Джек хотя и не боялся красок, но смертельно их ненавидел и вследствие этого питал лютое отвращение к живописцам[210], настолько, что, проходя во время своих припадков по улицам, набивал карманы камнями и швырял их в вывески.

Так как при описанном образе жизни ему часто приходилось мыться, то он окунался с головой в воду даже среди зимы; но было замечено, что всегда выходил из воды ещё грязнее, чем погружался в неё.

Он первый открыл секрет составления снотворного средства, вводимого через уши[211]; оно состояло из серы, гала-адского бальзама и небольшой дозы мази пилигримов.

Он носил на животе большой пластырь из прижигающих веществ, жар которого вызывал у него стоны, как у знаменитой доски, когда к ней прикладывают раскалённое докрасна железо.

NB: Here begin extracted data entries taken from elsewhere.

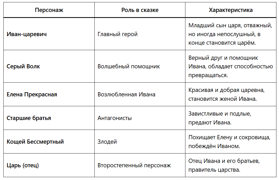 Сказка "Иван-царевич и Серый Волк" рассказывает о приключениях младшего сына царя, который с помощью волшебного Серого Волка находит Жар-птицу, прекрасную жену и верного коня, побеждает завистливых братьев и злобного Кощея, а впоследствии становится царём. В некотором царстве жил царь (в разных вариантах его зовут Демьян, Демьян Данилович или Берендей), у которого было три сына: два старших (Клим и Пётр, либо Димитрий и Василий) и младший — Иван. В царском саду росла яблоня с золотыми яблоками, которые кто-то начал воровать. Сыновья по очереди отправлялись стеречь сад. Старшие братья засыпали на посту, а младший, Иван-царевич, смог выследить вора — им оказалась Жар-птица. Ивану удалось ухватить её за хвост, но птица вырвалась, оставив в его руке перо. Царь захотел заполучить саму Жар-птицу и отправил сыновей на её поиски. На пути Иван встретил каменный столб с предсказаниями о трёх дорогах. Выбрав дорогу, где он останется жив, но потеряет коня, Иван встретил Серого Волка, который съел
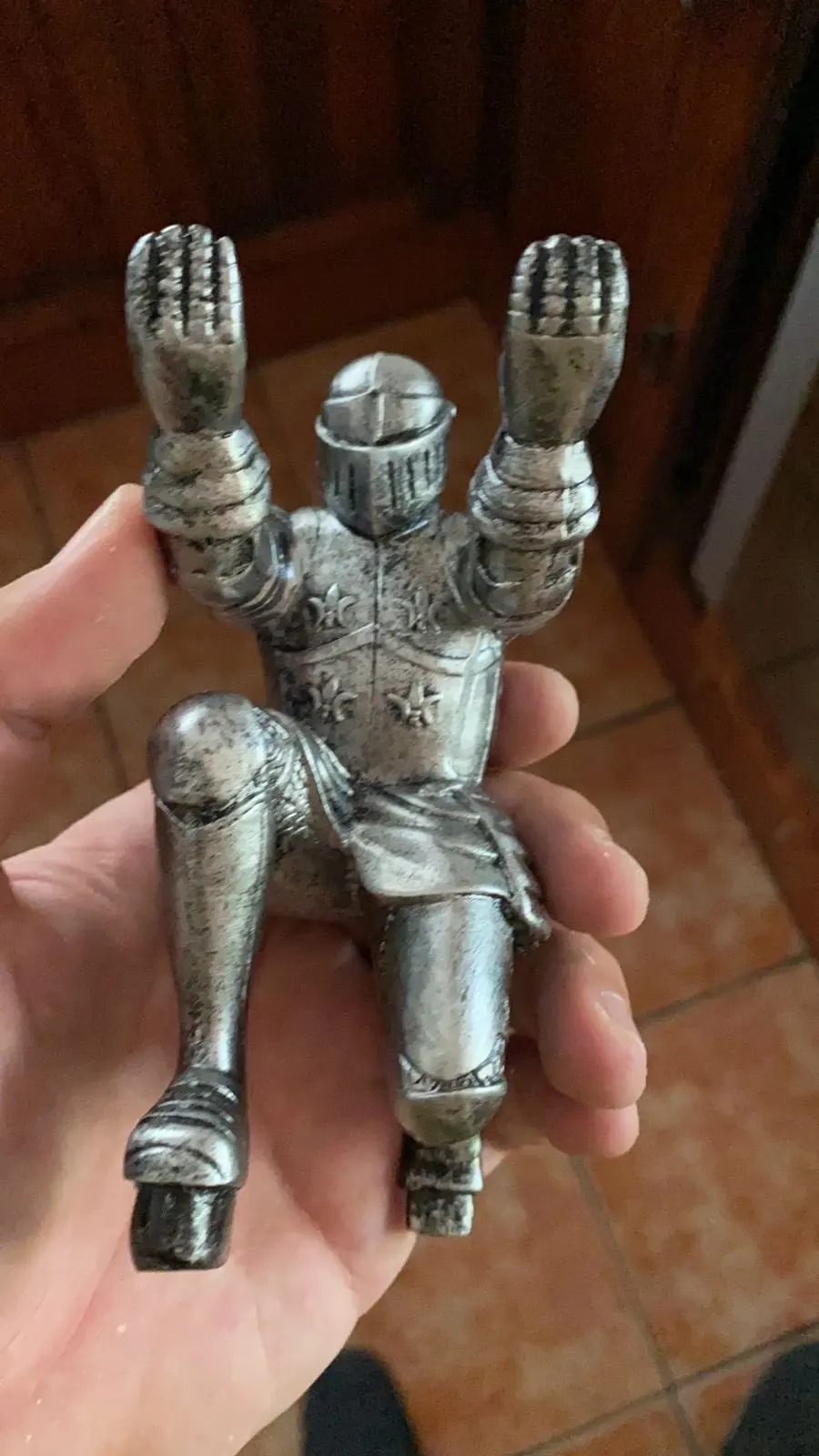 Получили.Нравится.Детализация рыцаря слабовата,он из полимера-пластмассы как и меч,основание металлическое.
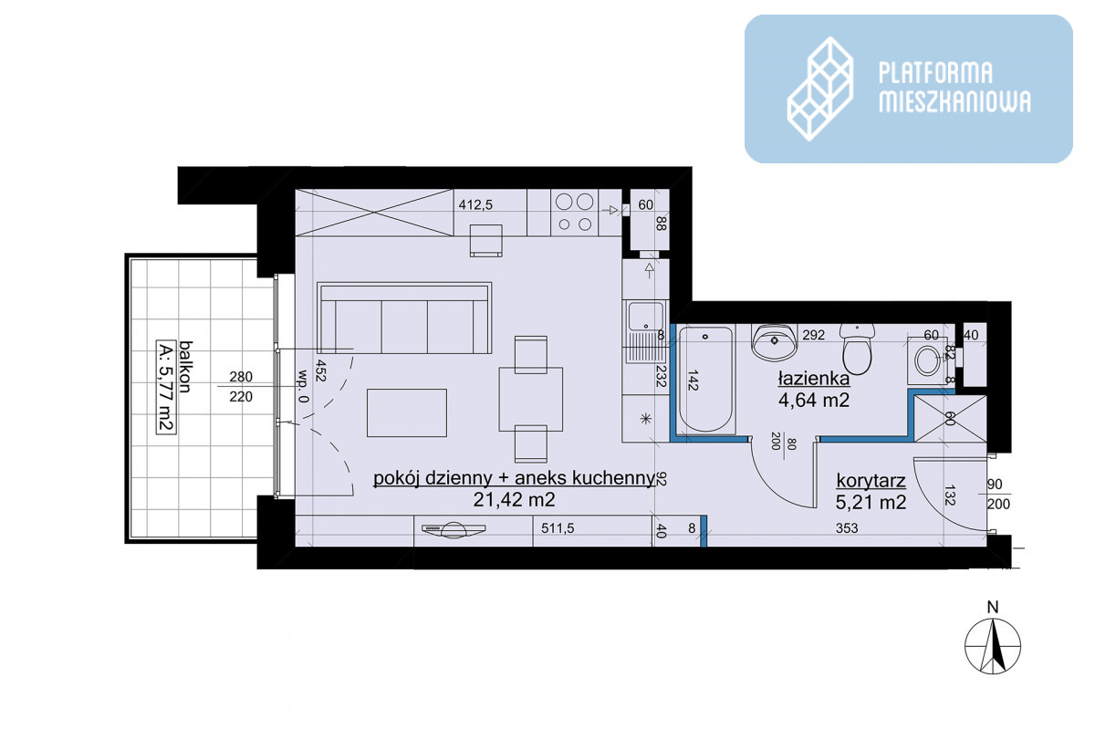 ◾️ salon z aneksem kuchennym ( 21,42 m2) z wyjściem na balkon (5.,77 m2)
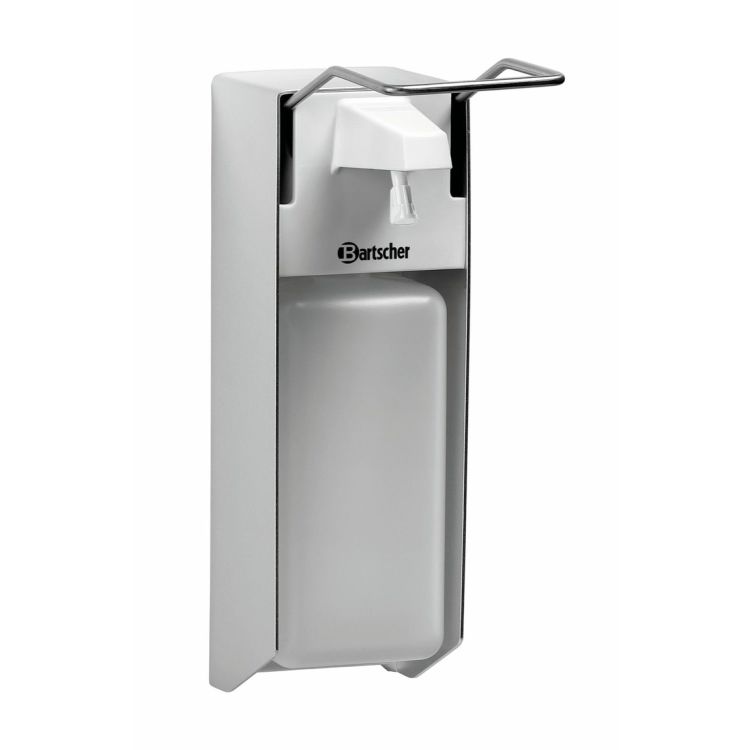 Dispenser for desinfeksjonsmiddel i aluminium. Enkel å bruke på en hygienisk måte. Levert inkl. veggfeste og en gjennomsiktig påfyllingsflaske i polypropylen.
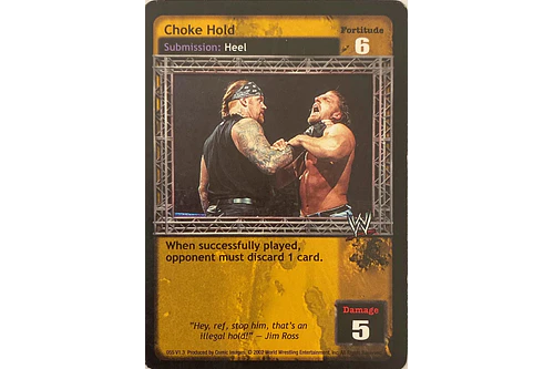 Discard 3 cards of your choice from your hand. All players compare their current Fortitude Rating. The player(s) with a higher Fortitude Rating must remove maneuver and/or reversal cards from their Ring area, putting them into his Ringside pile, until that player's Fortitude Rating is less than or equal to the others.
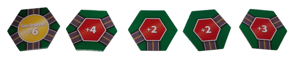 There are 13 intersection tiles for crafting your roads, along with 1 central San Andreas tile. In order to get points for building the road, the road needs to have an end and a beginning.
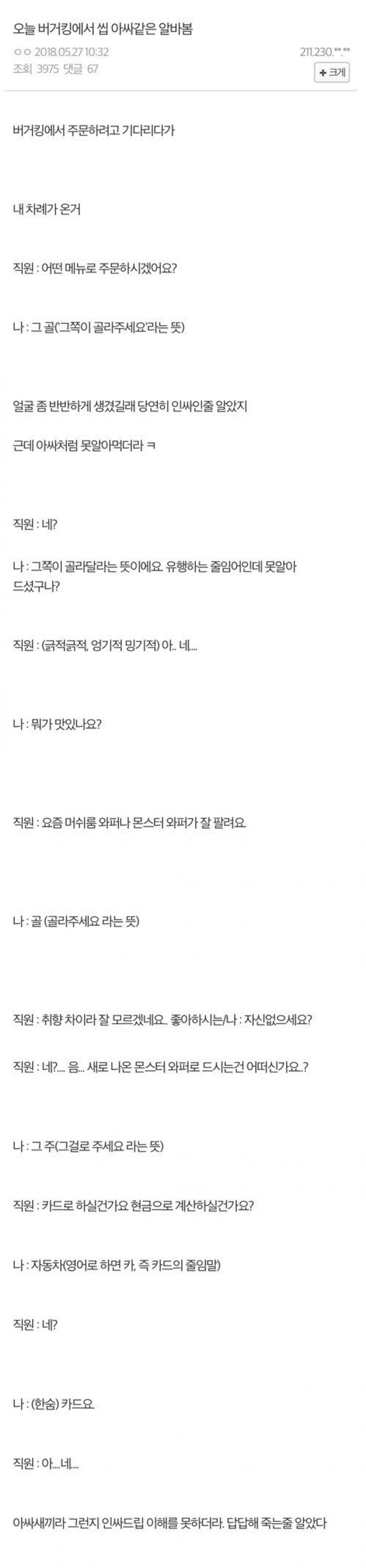 패스트푸드점에 키오스크가 생긴이유

Остановившись на углу какой-нибудь улицы, он обращался к прохожим с такими просьбами: Достоуважаемый, сделайте одолжение, двиньте меня хорошенько в зубы[212]. Или: Почтеннейший, прошу вас, удостойте меня пинком в зад. – Сударыня, могу я попросить вас смазать меня в ухо вашей изящной ручкой? – Благородный капитан, ради создателя, огрейте меня вашей палкой по этим жалким плечам. Добившись при помощи столь настойчивых упрашиваний основательной трёпки, он возвращался домой с припухшими боками и разогретым воображением, но очень довольный и напичканный устрашающими россказнями о том, как пострадал он за общее благо. – Взгляните на этот подтёк, говорил он, обнажая плечи: уж и огрел меня сегодня, в семь часов утра, один проклятый янычар, когда я, не щадя сил, отбивался от турецкого султана. Дорогие соседи, право, эта разбитая голова заслуживает пластыря; если бы бедный Джек жалел свою башку, ваши жёны и кладовые давно бы уже стали добычей папы и французского короля. Дорогие христиане, великий могол был уже в Уайт-Чепеле, благодарите же мои несчастные бока, что он (помилуй нас боже) не слопал ещё нас всех с жёнами и детьми!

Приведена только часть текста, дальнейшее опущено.